- [Given records]:
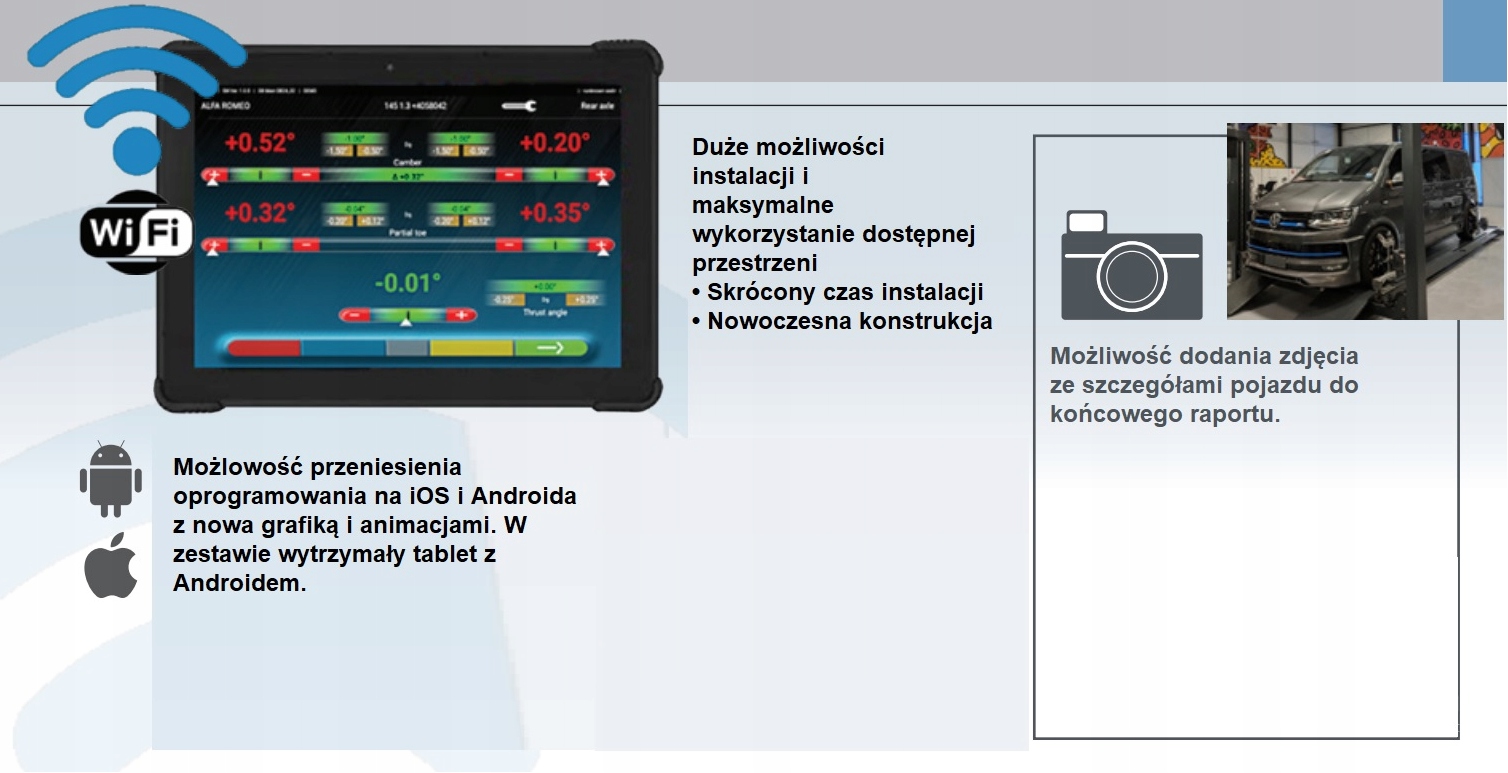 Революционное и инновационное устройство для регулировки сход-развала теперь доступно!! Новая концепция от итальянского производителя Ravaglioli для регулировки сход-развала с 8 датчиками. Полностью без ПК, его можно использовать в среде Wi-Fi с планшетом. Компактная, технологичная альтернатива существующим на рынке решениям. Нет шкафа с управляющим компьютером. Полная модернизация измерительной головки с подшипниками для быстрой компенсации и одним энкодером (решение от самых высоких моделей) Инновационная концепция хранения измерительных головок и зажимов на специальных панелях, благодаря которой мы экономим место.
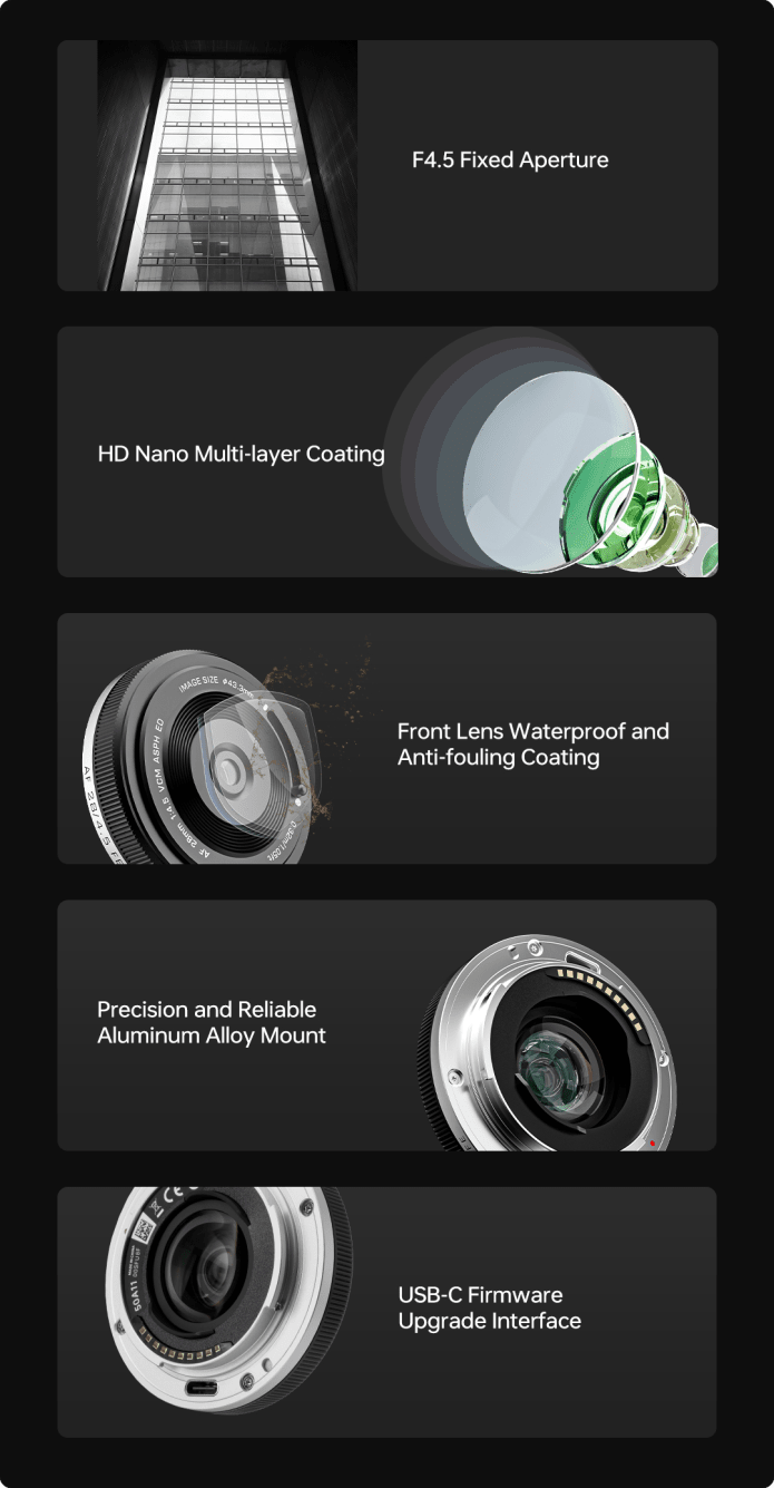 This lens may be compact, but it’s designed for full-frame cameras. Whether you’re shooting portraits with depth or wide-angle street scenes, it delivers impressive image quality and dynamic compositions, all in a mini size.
--
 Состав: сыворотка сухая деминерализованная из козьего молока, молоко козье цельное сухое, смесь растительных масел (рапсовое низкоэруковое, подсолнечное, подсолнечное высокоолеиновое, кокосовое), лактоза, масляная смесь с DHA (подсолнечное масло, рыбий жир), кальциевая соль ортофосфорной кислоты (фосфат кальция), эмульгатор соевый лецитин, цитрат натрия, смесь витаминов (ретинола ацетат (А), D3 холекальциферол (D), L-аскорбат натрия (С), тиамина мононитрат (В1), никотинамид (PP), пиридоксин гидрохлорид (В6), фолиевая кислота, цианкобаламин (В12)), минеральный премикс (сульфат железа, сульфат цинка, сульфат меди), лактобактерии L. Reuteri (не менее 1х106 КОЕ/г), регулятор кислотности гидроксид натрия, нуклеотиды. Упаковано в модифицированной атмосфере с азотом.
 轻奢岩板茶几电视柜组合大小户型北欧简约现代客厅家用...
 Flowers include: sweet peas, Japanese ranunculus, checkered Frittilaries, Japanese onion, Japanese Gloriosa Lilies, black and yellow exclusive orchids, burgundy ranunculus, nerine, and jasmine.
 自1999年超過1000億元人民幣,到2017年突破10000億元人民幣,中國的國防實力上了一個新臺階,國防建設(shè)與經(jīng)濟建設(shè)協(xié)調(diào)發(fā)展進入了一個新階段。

- [Task to complete]: The material above holds pictures; leave them out. Repeat exactly the lines from the one containing "Революционное и инновационное" through the one containing "This lens may", and nothing else.

- [Worked solution]:
 Революционное и инновационное устройство для регулировки сход-развала теперь доступно!! Новая концепция от итальянского производителя Ravaglioli для регулировки сход-развала с 8 датчиками. Полностью без ПК, его можно использовать в среде Wi-Fi с планшетом. Компактная, технологичная альтернатива существующим на рынке решениям. Нет шкафа с управляющим компьютером. Полная модернизация измерительной головки с подшипниками для быстрой компенсации и одним энкодером (решение от самых высоких моделей) Инновационная концепция хранения измерительных головок и зажимов на специальных панелях, благодаря которой мы экономим место.
 This lens may be compact, but it’s designed for full-frame cameras. Whether you’re shooting portraits with depth or wide-angle street scenes, it delivers impressive image quality and dynamic compositions, all in a mini size.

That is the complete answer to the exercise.